Exercise prompt
Go through the data and count the lines holding the string "large". Write only the number.

Data excerpts
***

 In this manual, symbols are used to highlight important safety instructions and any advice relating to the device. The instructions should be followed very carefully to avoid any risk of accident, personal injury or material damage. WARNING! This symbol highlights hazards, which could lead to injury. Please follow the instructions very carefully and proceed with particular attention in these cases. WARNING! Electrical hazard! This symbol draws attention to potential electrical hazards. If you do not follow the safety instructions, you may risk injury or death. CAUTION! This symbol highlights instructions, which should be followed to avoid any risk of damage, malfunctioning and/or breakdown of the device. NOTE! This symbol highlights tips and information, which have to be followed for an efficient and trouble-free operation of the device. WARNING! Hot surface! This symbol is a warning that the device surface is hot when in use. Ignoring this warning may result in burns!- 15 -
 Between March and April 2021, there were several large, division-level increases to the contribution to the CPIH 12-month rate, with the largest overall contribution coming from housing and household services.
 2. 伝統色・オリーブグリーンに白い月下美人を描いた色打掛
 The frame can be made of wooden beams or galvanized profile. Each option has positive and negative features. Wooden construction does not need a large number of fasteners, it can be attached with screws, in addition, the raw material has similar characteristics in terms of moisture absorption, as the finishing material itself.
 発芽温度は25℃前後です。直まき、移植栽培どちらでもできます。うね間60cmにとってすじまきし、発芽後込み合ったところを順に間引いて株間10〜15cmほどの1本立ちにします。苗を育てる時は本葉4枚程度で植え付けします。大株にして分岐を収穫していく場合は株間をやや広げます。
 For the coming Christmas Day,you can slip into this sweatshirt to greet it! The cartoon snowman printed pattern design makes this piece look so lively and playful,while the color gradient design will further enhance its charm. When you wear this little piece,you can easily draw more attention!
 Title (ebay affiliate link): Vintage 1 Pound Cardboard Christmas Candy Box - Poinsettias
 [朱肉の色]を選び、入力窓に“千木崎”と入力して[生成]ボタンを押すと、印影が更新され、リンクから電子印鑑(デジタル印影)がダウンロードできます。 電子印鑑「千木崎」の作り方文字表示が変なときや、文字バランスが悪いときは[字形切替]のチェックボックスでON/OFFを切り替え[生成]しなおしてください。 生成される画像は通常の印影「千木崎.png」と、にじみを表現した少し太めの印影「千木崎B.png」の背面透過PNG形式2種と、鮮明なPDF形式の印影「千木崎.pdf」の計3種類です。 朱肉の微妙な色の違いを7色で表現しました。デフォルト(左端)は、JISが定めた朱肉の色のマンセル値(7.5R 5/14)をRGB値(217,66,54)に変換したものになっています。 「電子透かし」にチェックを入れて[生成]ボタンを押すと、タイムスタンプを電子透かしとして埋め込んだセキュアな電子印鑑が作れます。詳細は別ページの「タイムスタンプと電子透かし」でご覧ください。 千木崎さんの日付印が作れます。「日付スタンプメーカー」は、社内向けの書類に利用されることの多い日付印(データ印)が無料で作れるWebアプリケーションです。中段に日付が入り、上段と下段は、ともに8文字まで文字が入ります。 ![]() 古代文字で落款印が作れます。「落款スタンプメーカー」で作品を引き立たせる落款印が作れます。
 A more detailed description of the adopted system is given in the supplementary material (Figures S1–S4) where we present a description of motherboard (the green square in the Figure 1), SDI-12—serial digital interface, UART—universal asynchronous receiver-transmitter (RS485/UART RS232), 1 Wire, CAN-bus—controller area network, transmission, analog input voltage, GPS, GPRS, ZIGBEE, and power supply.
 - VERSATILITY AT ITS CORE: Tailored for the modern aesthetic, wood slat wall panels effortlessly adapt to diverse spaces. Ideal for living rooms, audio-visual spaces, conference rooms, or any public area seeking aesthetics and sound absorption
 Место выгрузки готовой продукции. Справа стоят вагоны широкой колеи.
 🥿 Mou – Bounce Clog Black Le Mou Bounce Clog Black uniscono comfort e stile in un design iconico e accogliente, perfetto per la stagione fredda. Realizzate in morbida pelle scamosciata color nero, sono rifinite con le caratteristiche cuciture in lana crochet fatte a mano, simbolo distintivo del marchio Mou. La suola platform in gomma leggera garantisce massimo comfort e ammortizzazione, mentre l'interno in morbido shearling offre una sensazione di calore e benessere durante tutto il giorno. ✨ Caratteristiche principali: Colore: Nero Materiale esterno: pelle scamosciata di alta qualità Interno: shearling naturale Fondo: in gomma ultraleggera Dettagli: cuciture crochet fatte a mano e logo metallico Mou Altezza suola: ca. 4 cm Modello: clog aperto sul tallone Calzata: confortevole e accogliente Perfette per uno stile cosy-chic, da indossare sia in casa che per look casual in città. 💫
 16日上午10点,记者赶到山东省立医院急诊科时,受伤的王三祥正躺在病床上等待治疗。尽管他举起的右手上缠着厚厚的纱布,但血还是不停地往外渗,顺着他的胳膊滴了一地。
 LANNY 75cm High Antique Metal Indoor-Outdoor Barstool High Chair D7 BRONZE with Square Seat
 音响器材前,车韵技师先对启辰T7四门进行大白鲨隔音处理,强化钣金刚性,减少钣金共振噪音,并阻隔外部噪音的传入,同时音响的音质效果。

***

Task output
2